--- Source material ---

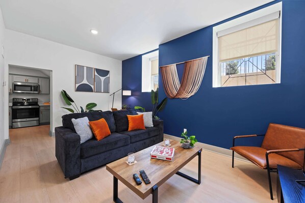 ▻ Living space- features a comfortable sleeper sofa set with plushy pillows, a flat-screen 55” TV, coffee table, and a laptop friendly work area
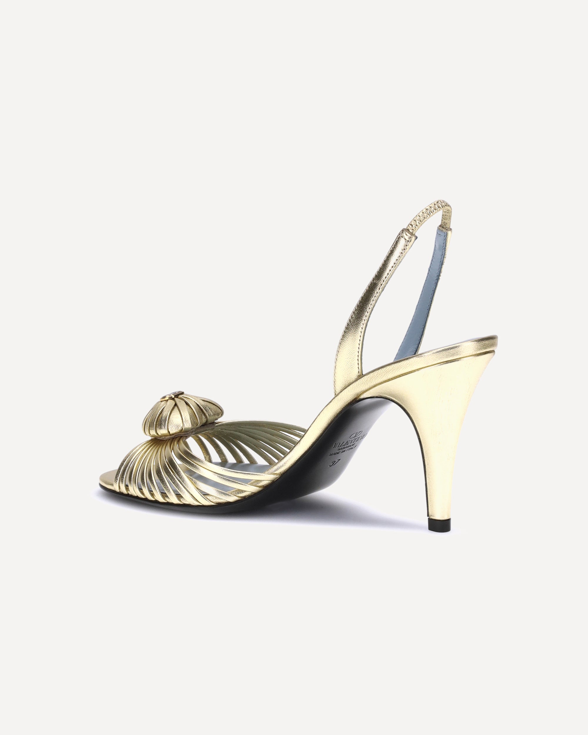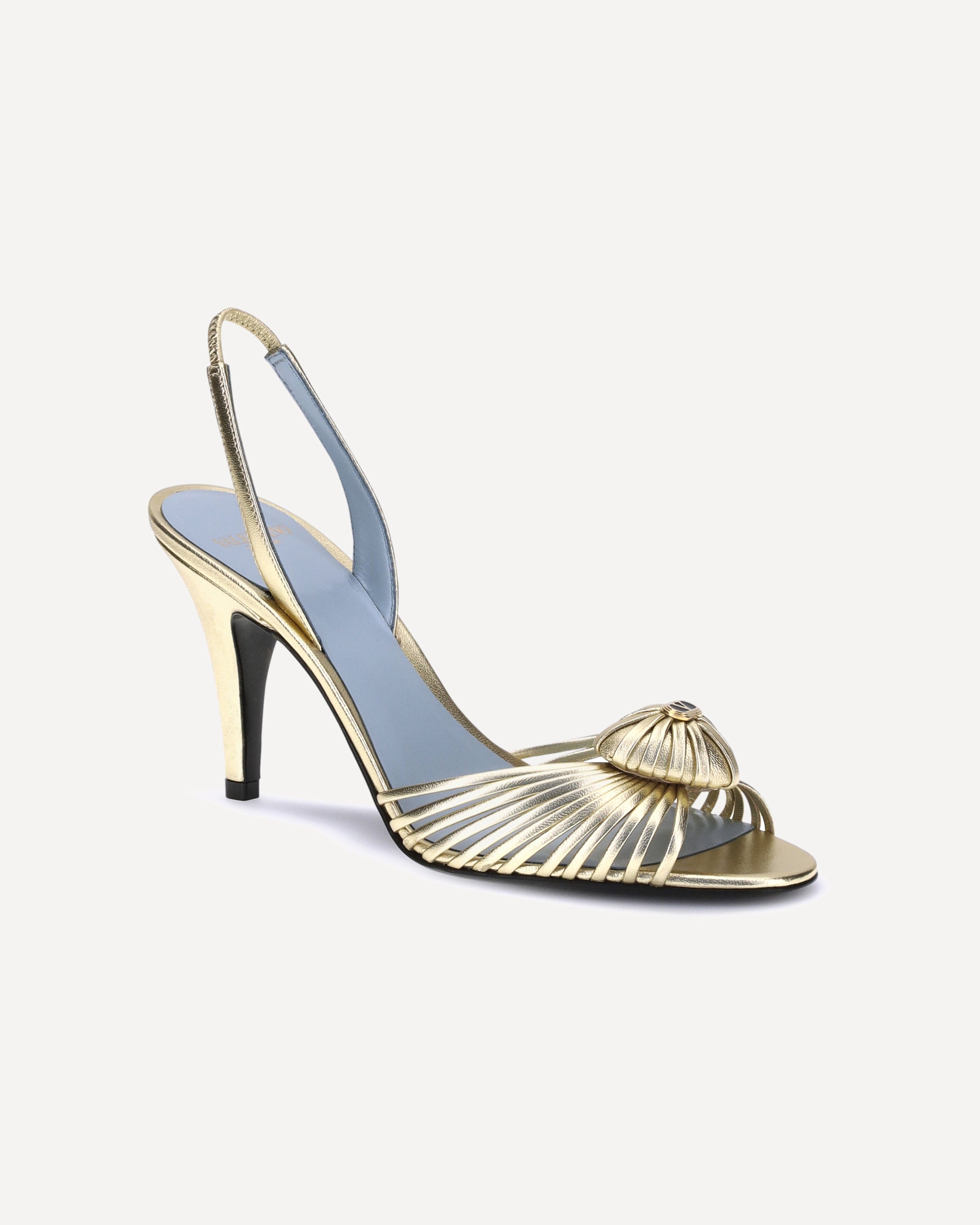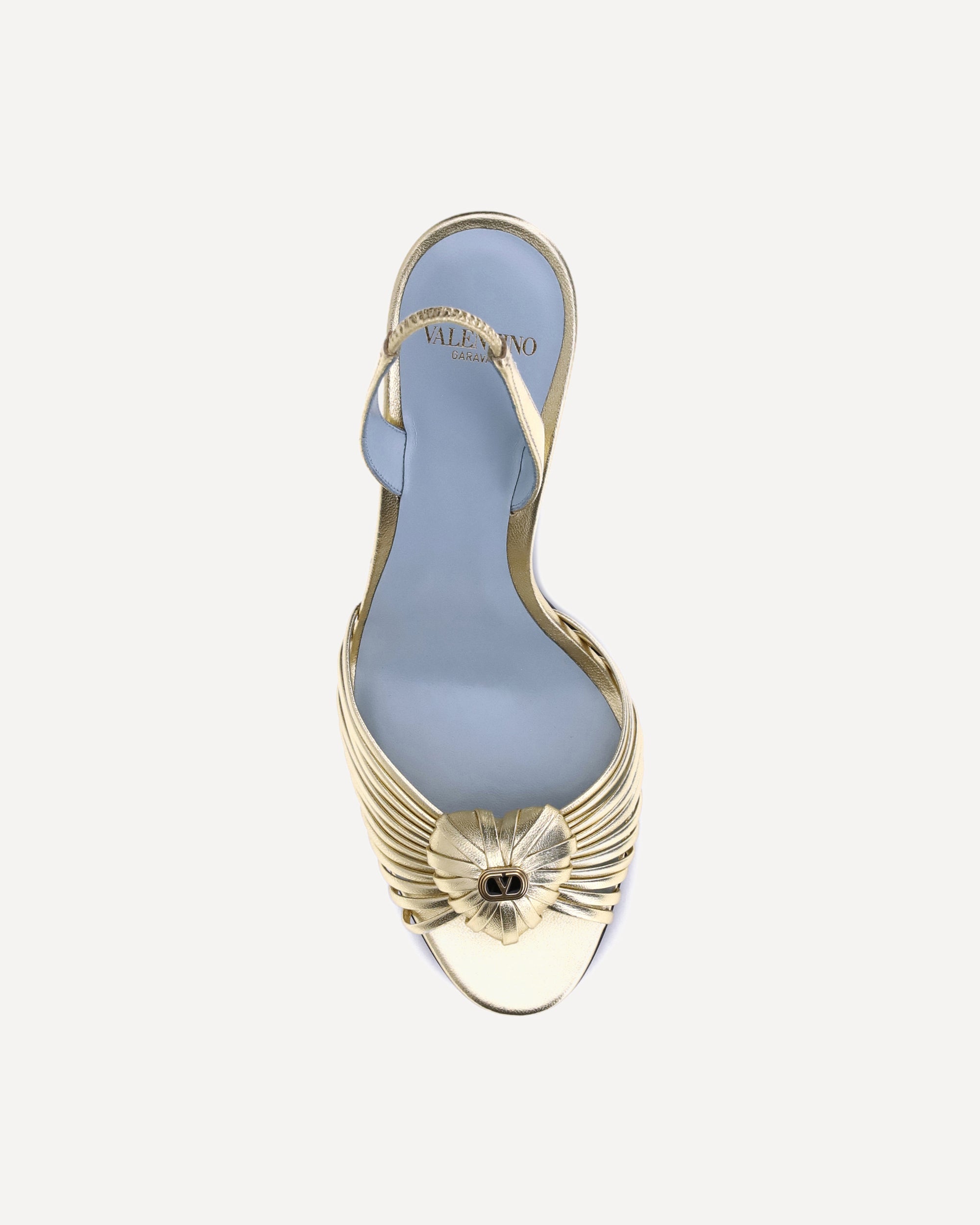 I Sandali Royal di Valentino Garavani sono realizzati in vitello laminato, unendo lucentezza e raffinatezza. Il dettaglio distintivo è il cuore tridimensionale in pelle con il VLogo Signature sul fronte, che dona un tocco romantico e iconico. Il modello slingback garantisce comfort e stabilità, mentre la soletta logata completa il design con eleganza.
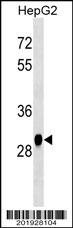 HNMT Antibody (Cat. APR12378G) western blot analysis in HepG2 cell line lysates (35μg/lane).This demonstrates the HNMT antibody detected the HNMT protein (arrow). |
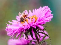 Bij op een paarse bloem.
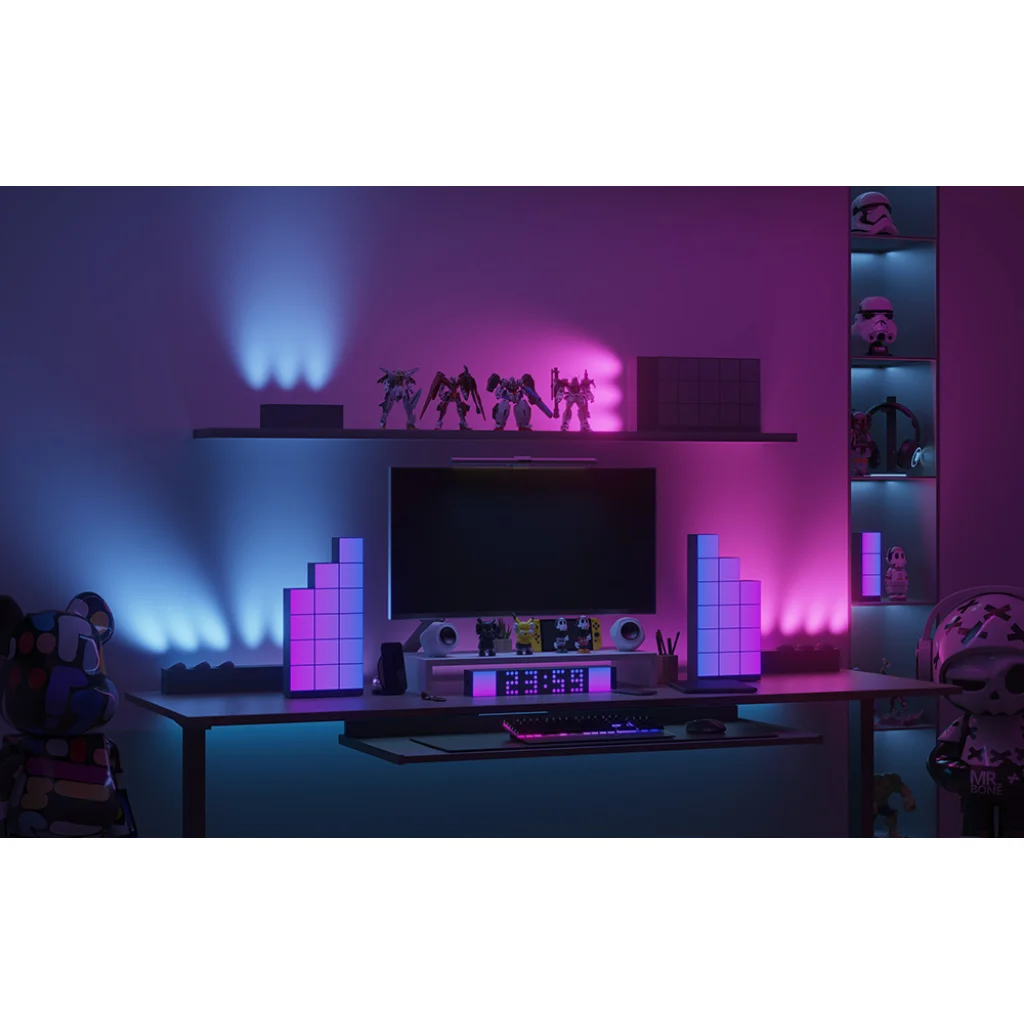 A Yeelight panelek szabadjára engedik a képzeletedet, mivel sok különböző fénykompozíciót hozhatsz létre velük. Amikor integrálod őket a Razer Chroma-val és az Overwolf-fal, valós időben igazodnak a képernyőn zajló hangulathoz és tevékenységekhez, így tökéletes hangulatot hoznak létre a játék során. Ezenkívül az ARGB kocka dinamikusan tükrözi a monitor színeit, és a kiemeléseket is megjeleníti a képernyőn kívül. A Yeelight panelekkel kedvenc dalaidat lenyűgöző fényshow-vá alakíthatod, mivel követik a zene ritmusát!
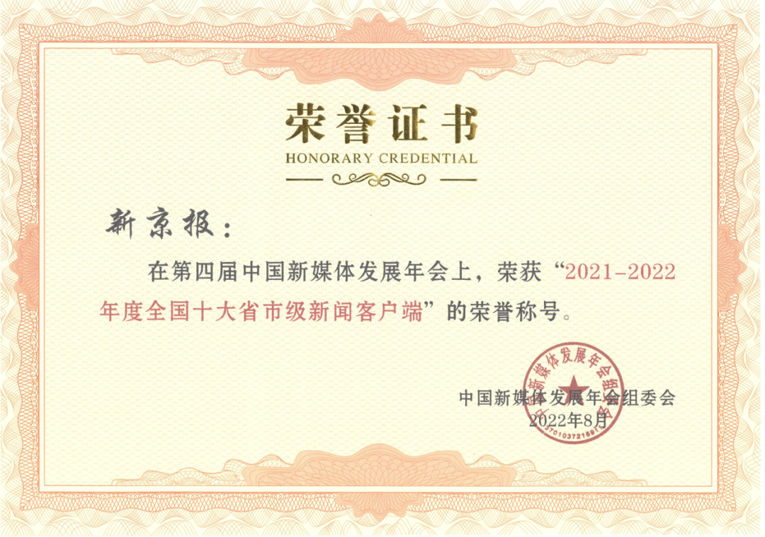 8月22-23日,第四届中国新媒体发展年会在山东省济南市举行,中国新媒体发展年会排行榜揭晓,新京报获颁“2021-2022年度全国十大省市级新闻客户端”称号。
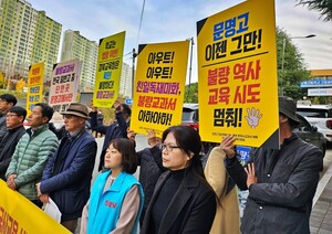 경북 경산시에 있는 사립 문명고등학교가 전국에서 유일하게 채택한 '친일·독재 미화' 논란 한국사 교과서에 대해, 교육부가 검정을 취소했다.교육부(장관 이주호)에 15일 확인한 결과, 한국학력평가원이 발행한 고등학교 한국사 1, 2 교과서에 대해 검정 합격 취소 처분을 확정했다.이유는 지난해 4월 감사원 감사에서 한국학력평가원 교과서에 대해 "검정합격 취소·발행정지 사유에 해당한다"는 감사 결과를 낸 것에 대한 후속 조치다.당시 감사원은 한국학력평가원이 표지갈이로 허위 실적을 만든 사실이 확인됐다는 내용의 감사 보고서를 냈다. '교과
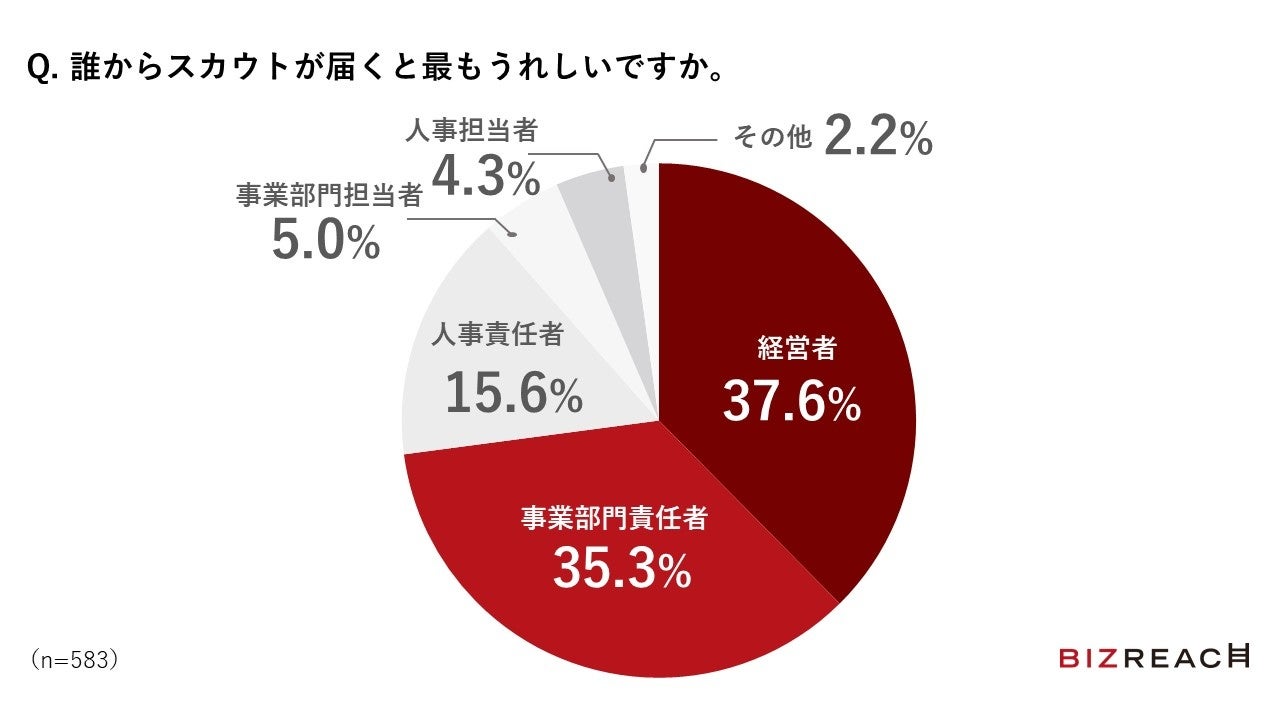 また、スカウトの送信者に関するアンケートでは、特に「経営者」「事業部門責任者」から届くと魅力的に感じるビジネスパーソンが多い傾向がありました。

---

Prompt:
Your answer must be the exact lines from the one containing "8月22-23日,第四届中国" through the last line of the records above, with both included and no pictures.

Response to the exercise:
 8月22-23日,第四届中国新媒体发展年会在山东省济南市举行,中国新媒体发展年会排行榜揭晓,新京报获颁“2021-2022年度全国十大省市级新闻客户端”称号。
 경북 경산시에 있는 사립 문명고등학교가 전국에서 유일하게 채택한 '친일·독재 미화' 논란 한국사 교과서에 대해, 교육부가 검정을 취소했다.교육부(장관 이주호)에 15일 확인한 결과, 한국학력평가원이 발행한 고등학교 한국사 1, 2 교과서에 대해 검정 합격 취소 처분을 확정했다.이유는 지난해 4월 감사원 감사에서 한국학력평가원 교과서에 대해 "검정합격 취소·발행정지 사유에 해당한다"는 감사 결과를 낸 것에 대한 후속 조치다.당시 감사원은 한국학력평가원이 표지갈이로 허위 실적을 만든 사실이 확인됐다는 내용의 감사 보고서를 냈다. '교과
 また、スカウトの送信者に関するアンケートでは、特に「経営者」「事業部門責任者」から届くと魅力的に感じるビジネスパーソンが多い傾向がありました。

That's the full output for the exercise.